Within the entries below, output exactly the lines between the line containing "ต่อมา มนตรี อุดมพงษ์" and the line containing "Зеленые детские ботинки, изолированные", inclusive, and omit any picture.

(Data begins)

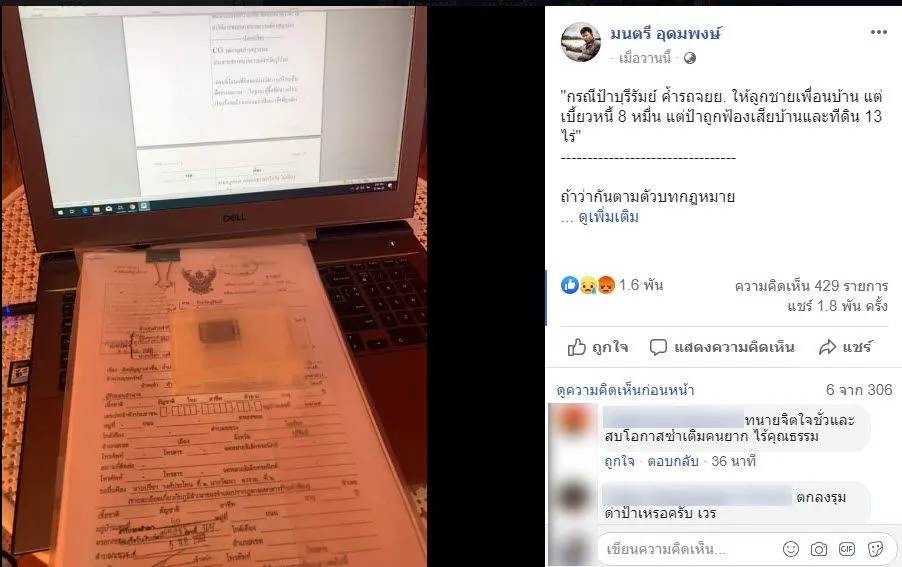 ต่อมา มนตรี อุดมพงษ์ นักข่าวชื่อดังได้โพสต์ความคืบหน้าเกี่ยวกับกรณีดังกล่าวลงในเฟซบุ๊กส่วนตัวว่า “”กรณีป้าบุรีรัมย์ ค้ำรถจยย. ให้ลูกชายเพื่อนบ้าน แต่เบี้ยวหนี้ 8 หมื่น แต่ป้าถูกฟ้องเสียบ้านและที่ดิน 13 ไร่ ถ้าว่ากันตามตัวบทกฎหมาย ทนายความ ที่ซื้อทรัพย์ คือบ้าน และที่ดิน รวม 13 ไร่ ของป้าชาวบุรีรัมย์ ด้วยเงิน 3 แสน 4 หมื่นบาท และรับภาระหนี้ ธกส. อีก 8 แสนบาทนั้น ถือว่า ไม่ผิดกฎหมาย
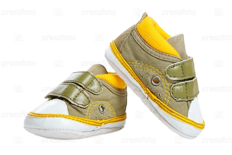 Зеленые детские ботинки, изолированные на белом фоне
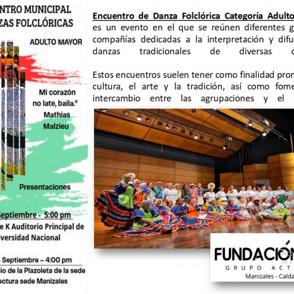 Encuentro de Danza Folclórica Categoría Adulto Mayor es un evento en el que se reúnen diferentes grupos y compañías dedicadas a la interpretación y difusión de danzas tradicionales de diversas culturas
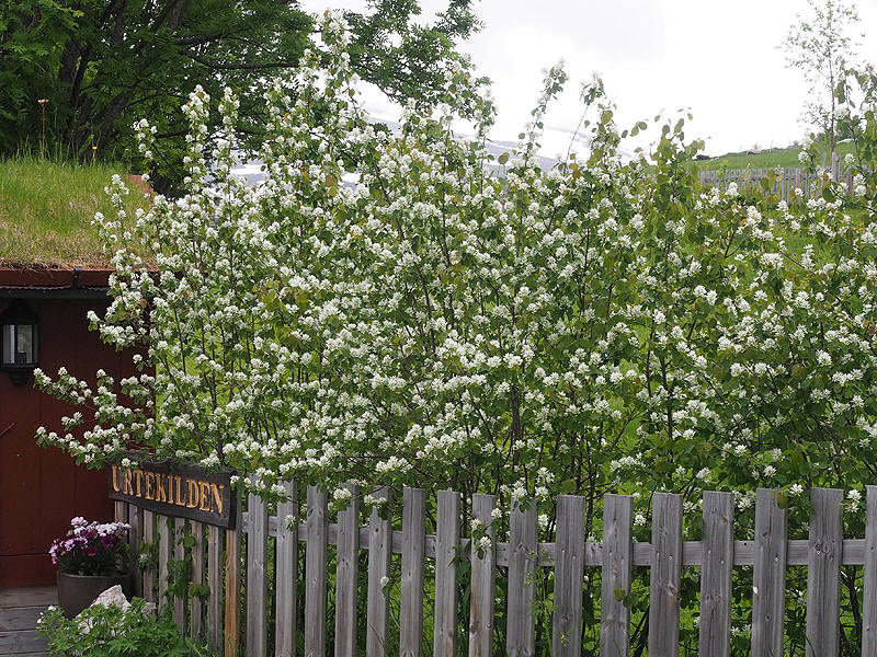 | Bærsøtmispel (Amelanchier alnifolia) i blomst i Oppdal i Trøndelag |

(Data ends)
(Data begins)

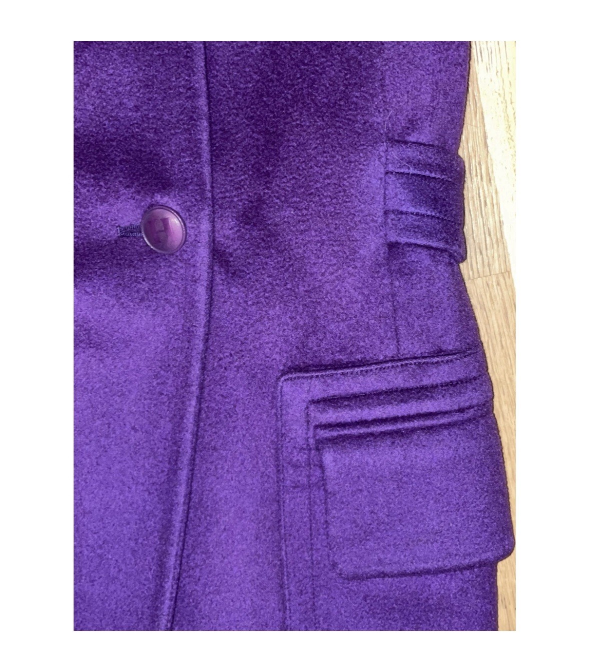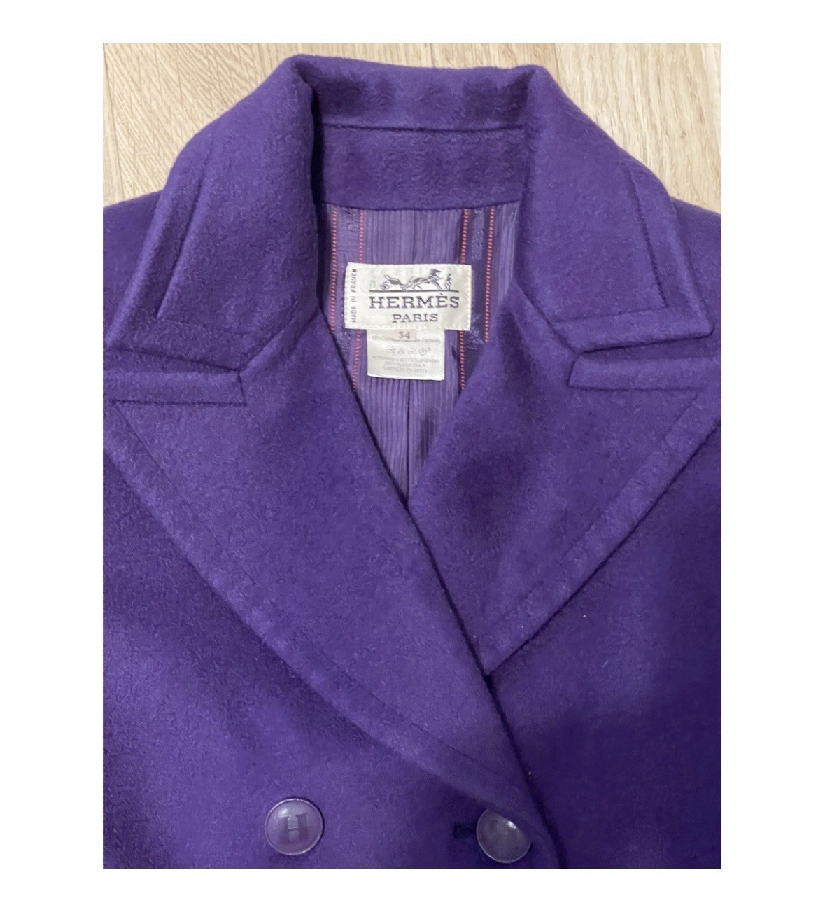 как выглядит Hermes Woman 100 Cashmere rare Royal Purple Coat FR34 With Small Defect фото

(Data ends)
(Data begins)

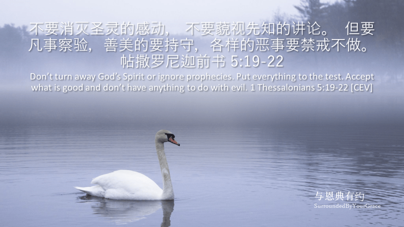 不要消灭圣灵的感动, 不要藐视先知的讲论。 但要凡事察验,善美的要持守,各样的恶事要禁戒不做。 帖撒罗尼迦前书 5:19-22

(Data ends)

• [Completed task]
 ต่อมา มนตรี อุดมพงษ์ นักข่าวชื่อดังได้โพสต์ความคืบหน้าเกี่ยวกับกรณีดังกล่าวลงในเฟซบุ๊กส่วนตัวว่า “”กรณีป้าบุรีรัมย์ ค้ำรถจยย. ให้ลูกชายเพื่อนบ้าน แต่เบี้ยวหนี้ 8 หมื่น แต่ป้าถูกฟ้องเสียบ้านและที่ดิน 13 ไร่ ถ้าว่ากันตามตัวบทกฎหมาย ทนายความ ที่ซื้อทรัพย์ คือบ้าน และที่ดิน รวม 13 ไร่ ของป้าชาวบุรีรัมย์ ด้วยเงิน 3 แสน 4 หมื่นบาท และรับภาระหนี้ ธกส. อีก 8 แสนบาทนั้น ถือว่า ไม่ผิดกฎหมาย
 Зеленые детские ботинки, изолированные на белом фоне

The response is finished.